[SOLVED] Fastest way to calculate the sum of row-wise "v.T @ v" of a matrix

Fastest way to calculate the sum of row-wise "v.T @ v" of a matrix

I have a 1000 x 500 matrix. For each row, I want to calculate the dot product between the transpose of the row vector and the row vector itself (which should be a scalar), and sum over all rows. Right now I am using

import numpy as np

A = np.random.random((1000, 500))
res = sum(A[i].T @ A[i] for i in range(A.shape[0]))

Since this is the performance bottleneck of my algorithm, I wonder if there are faster ways to do this, peferably a Numpyic solution.

Solution

Testing hpaulj answers in question comments.
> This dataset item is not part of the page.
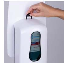
Spender mit Schlüssel entsperren
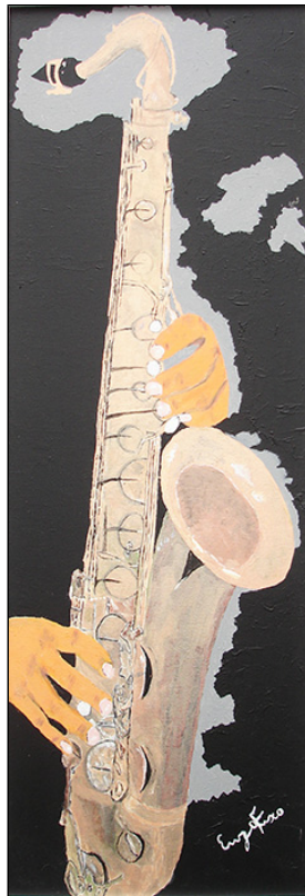
"Le mani sul sax" - 2014 - acrilico su tela

Adding simple alternative - np.sum(A**2) and two numba functions: single cpu and parallel.

TLDR: Fastest is sum_of_squares_numba_parallel function. Fastest numpy only solution: np.einsum('ij,ij',A,A)

@numba.jit("float64(float64[:,:])")
def sum_of_squares_numba(a):
    sum = 0
    n_y, n_x = a.shape
    for i in range(n_y):
        for j in range(n_x):
            sum += a[i, j] * a[i, j]

    return sum

@numba.jit("float64(float64[:, :])", parallel=True)
def sum_of_squares_numba_parallel(a):
    sum = 0
    n_rows, n_cols = a.shape
    for i in numba.prange(n_rows):
        for j in range(n_cols):
            sum += a[i, j] * a[i, j]
    return sum

Rough timings, using line profiler show that np.einsum('ij,ij',A,A) is clear winner when it comes to numpy only results. Probably because it does not have to create itermediate A*A result in the memory and access it afterwards to compute sum.

Numba single CPU calculation is not far off, probably could be done better.

sum_of_squares_numba_parallel is fastest version so far. On my machine 3-4 times faster than einsum.